A screening study of newborns in a Dublin hospital identified heterozygosity for the gene in one-third of the babies. Another study of workers in the Polaroid Company in Boston found the gene mainly in Irish Celts. The question needs to be asked regarding the disproportionate frequency of the HFE gene among the Irish and if it provided a selective advantage during the Great Famine.
The dietary history of Ireland was quite different from other European nations and other Celtic societies, with its ultimately self-destructive reliance upon the potato as almost the sole source of nutrition in the 17th and 18th centuries
Levels of an essential factor in iron delivery are reduced in malnourished individuals. A further contribution to a negative iron balance among the Irish was their heavy consumption of tea. Tea contains tannins that complex with iron in the gut and inhibit its absorption.
Individuals possessing the gene for hemochromatosis would have been advantaged in the face of limited dietary iron availability and delivery. Those without the gene would have died in disproportionately large numbers since iron is one of the most critical elements within the body.
The Great Famine with its life-destroying absence of adequate nutrition magnified the importance of possession of the HFE gene for hemochromatosis. The mutation that can fatally exaggerate iron accumulation in the homozygote state may have made the critical difference of positive iron balance in the heterozygote during the famine.

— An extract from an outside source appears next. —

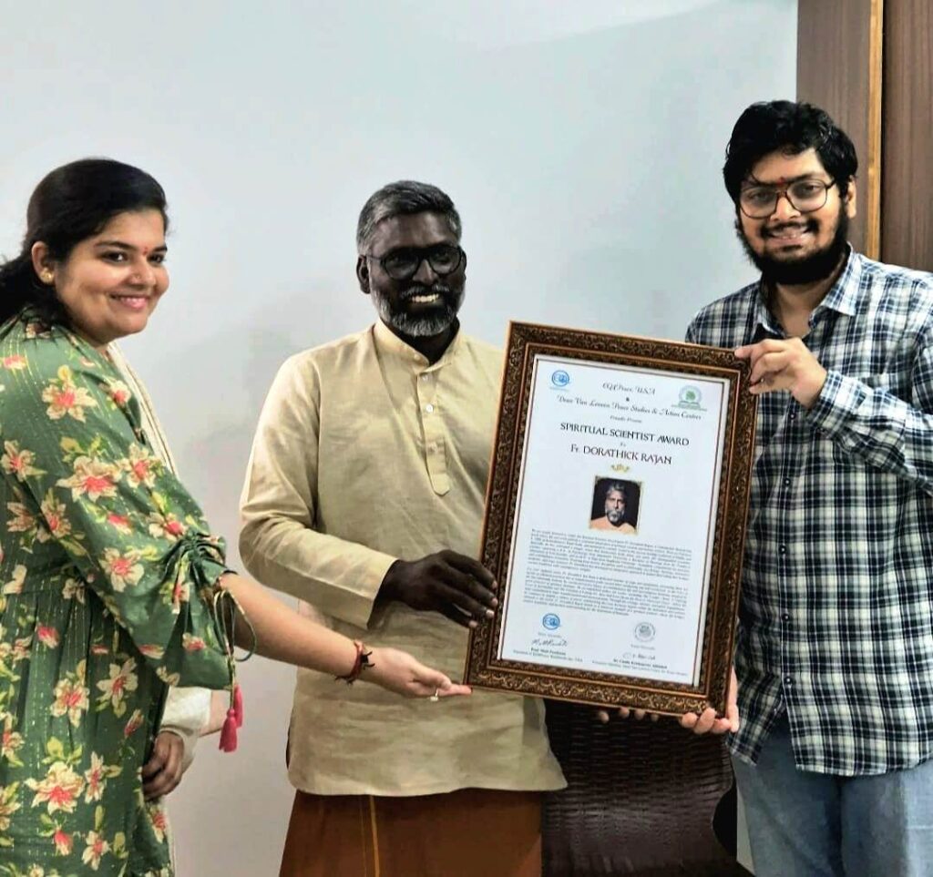 విశాఖపట్నం,ఏప్రిల్ 9 ఫ్లాష్ మెయిల్ న్యూస్ పబ్లికేషన్స్: బెనెడిక్టిన్ సన్యాసి, శాంతివనం సచ్చిదానంద ఆశ్రమ ప్రియర్ ఫాదర్ దొరథిక్ రాజన్ కి ఆధ్యాత్మిక పరిశోధన మరియు శాంతి స్థాపనలో చేసిన విశిష్ట సేవలకు గుర్తింపుగా “స్పిరిచువల్ సైంటిస్ట్ అవార్డు” ప్రదానం చేశారు. ఈ పురస్కారాన్ని అమెరికా లోని ఈ క్యూ ఫర్ పీస్ ఉపాధ్యక్షుడు మరియు డీన్ వాన్ ల్యూవెన్ సెంటర్ ఫర్ పీస్ స్టడీస్ ఎగ్జిక్యూటివ్ డైరెక్టర్ ప్రొఫెసర్ డా. చల్లా కృష్ణవీర్ అభిషేక్ విశాఖపట్నంలోని సెంటర్ ఫర్ ఎమోషనల్ ఎడ్యుకేషన్ సొసైటీలో జరిగిన కార్యక్రమంలో అందజేశారు. ఫాదర్ రాజన్ అంతర్ముఖ శాంతి మరియు గ్లోబల్ హార్మనీపై చేసిన వినూత్న పరిశోధనలకు ఈ అవార్డు అందుకున్నారు. ముఖ్యంగా క్రైస్తవ మిస్టిసిజం, క్రైస్ట్ కాన్షస్నెస్ మరియు భారతీయ జ్ఞాన వ్యవస్థల మధ్య సంబంధాన్ని అధ్యయనం చేస్తూ, ఆధ్యాత్మికతను శాస్త్రీయ మరియు అనుభవాత్మక దృక్పథంతో వివరించిన ఆయన కృషి విశేషంగా ప్రశంసించబడింది. ఈ సత్కారం ద్వారా వివిధ ఆధ్యాత్మిక సంప్రదాయాల మధ్య సంభాషణను పెంపొందించడం, మరియు విశ్వమానవ సమన్వయం, ఆత్మసాక్షాత్కారం దిశగా ఆయన చేస్తున్న కృషి కి గుర్తింపుగా ఈ పురస్కారం అందించబడింది.

A concentration of individuals with the gene would occur among the survivors.
Many of these survivors emigrated to America and Australia, transporting the strain of hemochromatosis to these countries.
Ironically, the gene can now be used to document the wanderings throughout the world of the Irish people, many of whom carry in their genome the testimony to their ancestors’ iron advantage.
Screening of the descendants of those Famine immigrants would identify the HFE gene and prevent organ dysfunction by early detection, and thus prevent tragedy from befalling later generations of the Celts.
Infection was the major cause of death, with typhus and cholera the most common infections in a population made very vulnerable by Vitamin A deficiency, the vitamin responsible for important natural defenses against infection.(Early on, farmers were forced to sell their cows creating even greater nutritional deficiencies; milk contains both Vitamin A and D, the vitamins not contained in potatoes.)
Xerophthalmia, an ulceration of the eye caused by Vitamin A deficiency, was increasingly recognized during the famine years. Scurvy also contributed to the death toll, with victims covered with bruises and bleeding lesions that are caused by Vitamin C deficiency; the potato famine deprived the Irish of a rich source of Vitamin C and a defense against the development of this bleeding disorder. Diarrheal disorders likely had infection as their cause, but a deficiency of niacin and riboflavin led to pellagra with its triad of diarrhea, dementia and dermatitis.